Well … Not so fast. As long-time energy observer (and former AO editor) Gordon Jaremko has noted, this vague sense of western alienation was an invention of academic and national political commentators, one that evolved in the 1970s and ’80s as Albertans fought federal energy taxes, price management, export barriers and – inevitably – their Liberal party architects. The theory was a cop-out. “It was easier to sidestep the resistance as deranged than to deal with a complicated case rooted in constitutional resource ownership and jurisdictional rights,” Jaremko notes.

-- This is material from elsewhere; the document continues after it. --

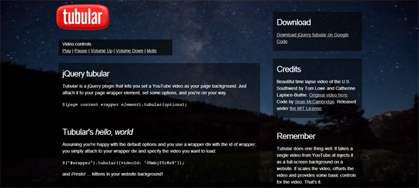 Tubular - плагин, который позволяет вам указать в качестве фона для страницы видео с youtube.
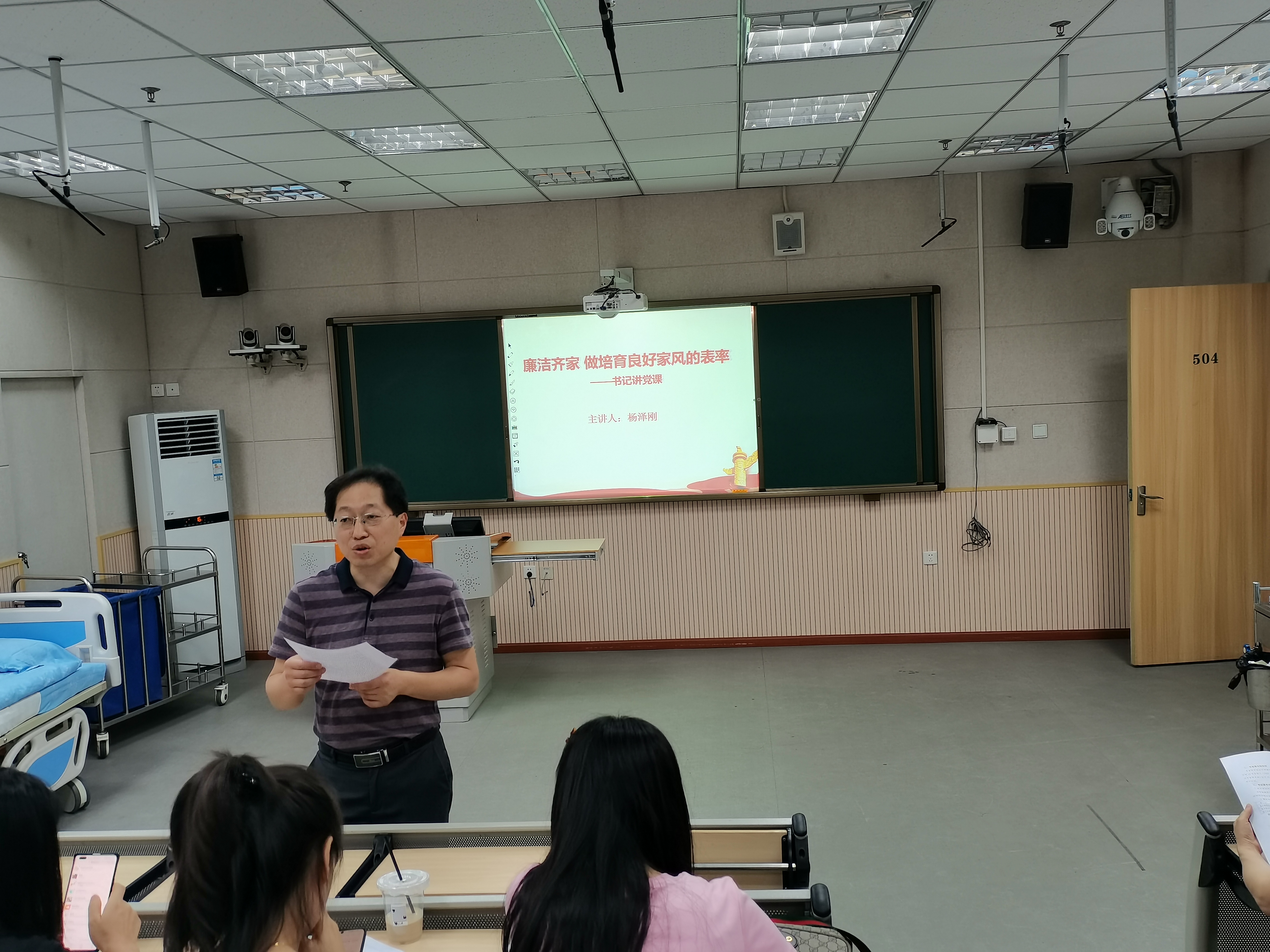 6月21日下午,护理公司党总支书记杨泽刚在青年路校区实训楼504教室为太阳成集团tyc33455cc全体教职工开展了主题为《廉洁齐家 做培育良好家风的表率》的专题党课。

The reverse is happening today. Just as it’s easy for western commentators to dredge up the memory of an ill-conceived policy to fend off criticism, it’s far easier for the McGuinty government to cry foul over oil sands “subsidies” than to pull up a chair and actually participate in the legwork of building a national dialogue. Where was his Energy Minister, Brad Duguid, as federal and provincial ministers convened in Kananaskis to hash out an admittedly vague policy document on the subject?
Ontario’s embattled Liberal government, as much as its western reactionaries, would do well to review a bit of history. When Syncrude Canada Ltd. partner Atlantic Richfield Canada Ltd. pulled out of the consortium in the mid-1970s, it was the Ontario, Alberta and federal governments who stepped in to cover the lost 30 per cent share and, ultimately, salvage what was, at the time, a multibillion-dollar science experiment. Imagine that – when they’re not bickering, provinces can actually get things done.